Peut être y aura-t-il d’autre confinement, mais il faut refuser le confinement de la pensée, se réapproprier toutes les initiatives, extrêmement nombreuses qui ont été prises. Quelles initiatives ? Identifier les problèmes médicaux, l’expérience le prouve, n’est pas l’obstacle majeur. Le plus difficile est de franchir le labyrinthe administratif, labyrinthe souvent réel et souvent lié à la peur de l’inconnu des lieux, à la méconnaissance des bons circuits. L’accès aux médicaments, au traitement, est un autre obstacle. Paradoxalement accessible quand ceux-ci sont chers, exceptionnels et inexistants quand ils peuvent résoudre simplement une difficulté quotidienne. Un autre volet, la prévention, est le parent vraiment pauvre des « laissés pour compte », car elle nécessite beaucoup d’explications et des mesures qui pour la plupart n’ont rien à voir avec le soin, ou le « care » comme on dit pour faire américain.

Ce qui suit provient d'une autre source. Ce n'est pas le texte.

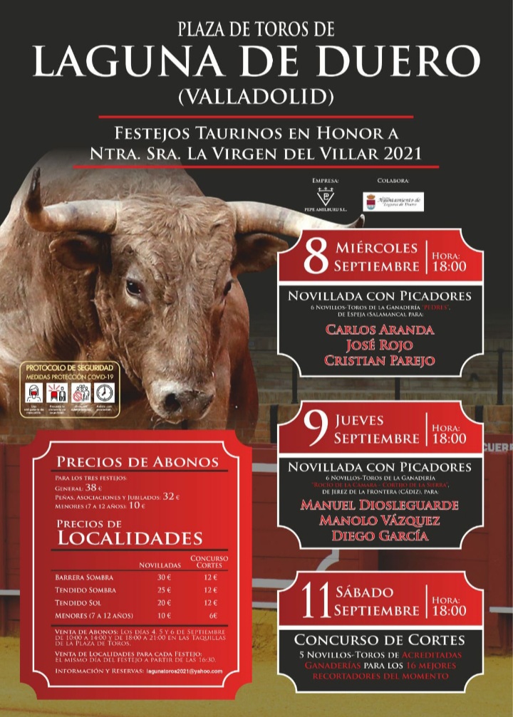 El Ayuntamiento de Laguna de Duero desde la Concejalía de Festejos presenta la Feria Taurina en Honor a la Virgen del Villar , los días 8,9 y 11 de septiembre respectivamente.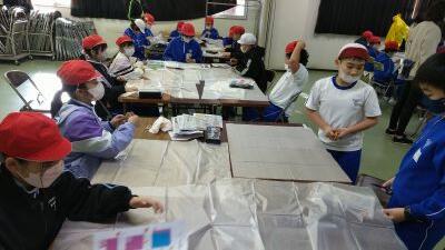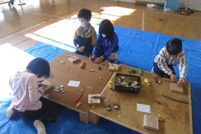 1,2年生は集中して製作に取組み、
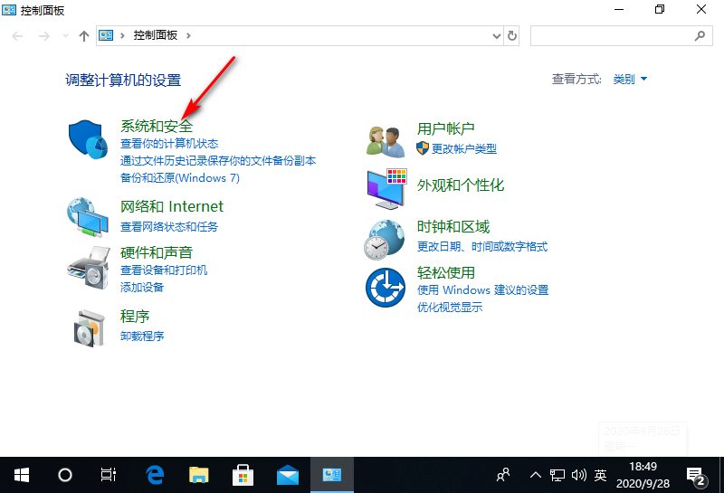 1. 首先在开始菜单找到控制面板,双击打开,进入“系统和安全”。

Des gens de partout, se sont organisés pour faire face aux problèmes sanitaires, à l’épidémie dans leur condition réelle. On peut s’engager plus dans cette direction et il est parfaitement légitime de le faire. Constituer ces groupes permet d’avancer dans une façon de penser le bien commun du soin autrement, en considérant les gens non pas comme des « patients » qui attendraient le geste sauveteur d’une autorité, mais comme des acteurs.

De tout cela, qui ne sont que des pistes, il faut débattre, une proposition est de le faire dans le cadre d’un atelier, réunissant ceux qui en décident personnellement.